Niezwykle wyrównany był w zasadzie tylko pierwszy set spotkania. Przy stanie 21:21 wyższy bieg wrzuciły gospodynie, które jako pierwsze serwowały po zwycięstwo. Po chwili inicjatywa należała już do BKS - dzięki dobrej grze Martyny Borowczak, to siatkarki z Bielska-Białej prowadziły 25:24. Kolejne trzy punkty z rzędu zdobyły siatkarki Budowlanych. W drugiej partii gospodynie wygrały gładko do 11.
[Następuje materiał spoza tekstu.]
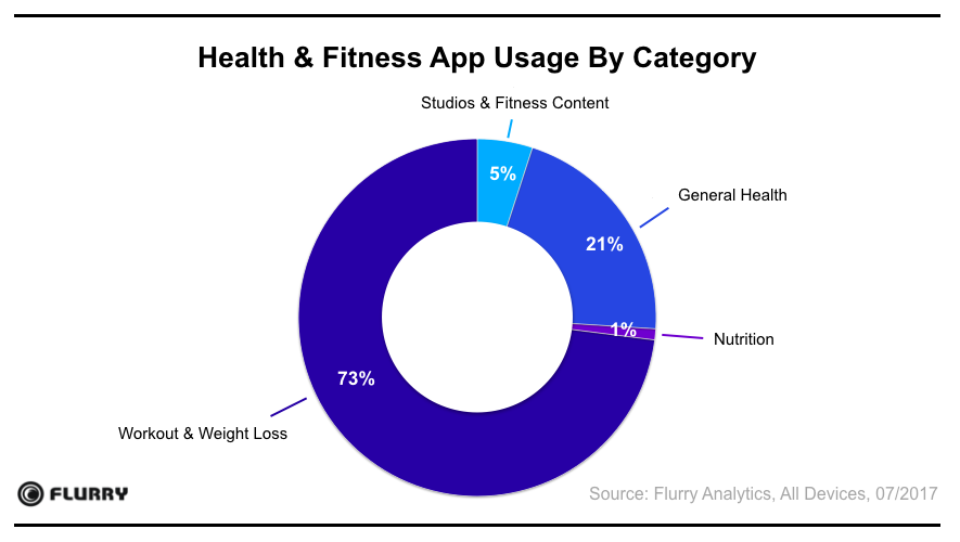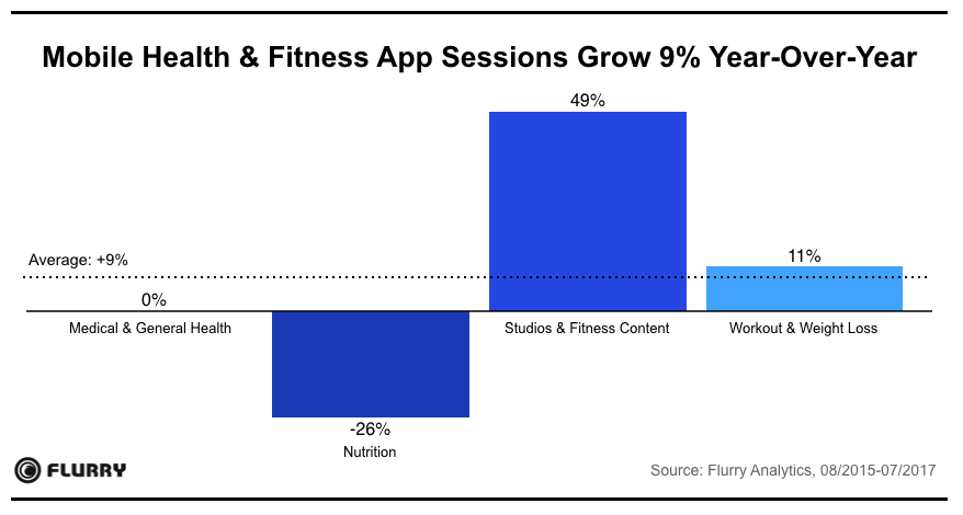最大的子类别——体育锻炼和减肥类应用的增长速度明显慢于上一年,增长率从2015年的67%下降到2016年的11%。另一个主要的子类别,一般健康状况追踪则在过去两年显示出停滞不前的状态。去年,营养类应用使用量有所下降,但是,工作室和健身内容应用仍增长了49%。
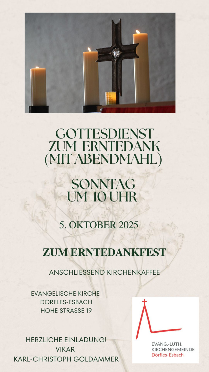 Herzliche Einladung zum Erntedank-Familiengottesdienst am Sonntag, 5. Oktober, um 10 Uhr in die Morizkirche. Lasst uns zusammen die Ernte bewundern und mit den Posaunen Gott loben und danken.
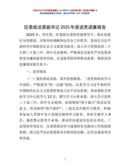 / 区委政法委副书记2025年度述责述廉报告
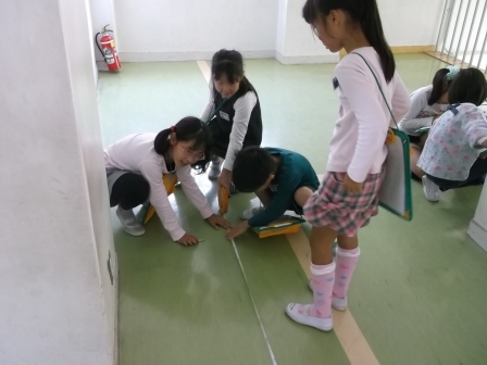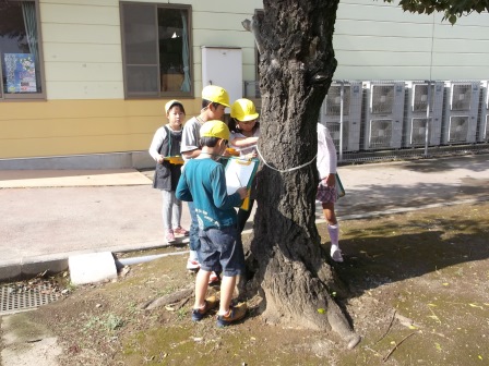 ☆校舎の廊下の長さ調べ           ☆木の幹の周りの長さ調べ
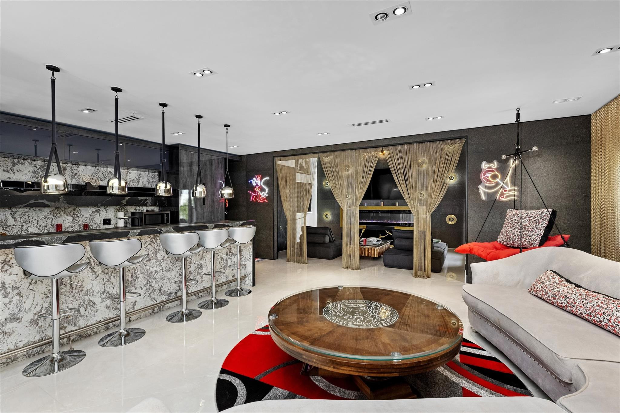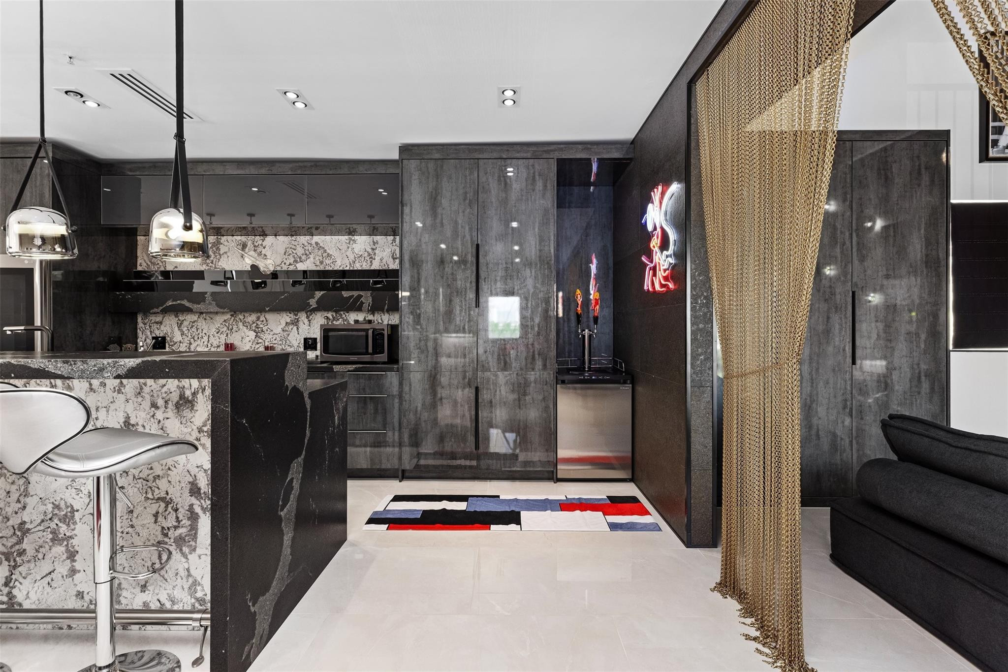 Indulge in luxurious coastal living at this elegantly-remodeled residence boasting unparalleled high-end finishes. With over $1M in custom upgrades, rare artwork & designer hand-crafted furnishings, this home is a masterpiece of modern design. The interior features high-gloss porcelain flooring seamlessly transitioning to matte-finish on the balconies, remodeled kitchen equipped with Miele appliances, imported cabinetry, bathrooms featuring Murano glass vanities & 24K gold-foiled tilework, brand new elevator, impact windows & doors & whole-home water filtration! Entertain effortlessly in the 4th floor bar/kitchen area & large deck with summer kitchen & stunning ocean views. Marbella is an exclusive gated community just steps from the ocean, restaurants, shopping & entertainment.

Bardziej zacięta rywalizacja miała miejsce w trzeciej odsłonie. BKS prowadził 16:14, by po chwili przegrywać 16:20. Minęło kilka chwil, a na tablicy był remis 21:21. Kolejne cztery akcja należały jednak do miejscowych, które w rywalizacji do trzech zwycięstw sięgnęły po drugą wygraną. Trzeci mecz we wtorek w Bielsku-Białej.

Grot Budowlani Łódź - BKS Bostik Bielsko-Biała 3:0 (27:25, 25:11, 25:21)

BKS: Pierzchała, Nowicka, Borowczak, Majkowska, Damaske, Szczepańska-Pogoda, Mazur (libero), Nowak (libero) oraz Abramajtys, Chmielewska, Janiuk, Sobiczewska.

Rywalizacja toczy się do trzech zwycięstw. Stan rywalizacji - 2:0 dla Budowlanych.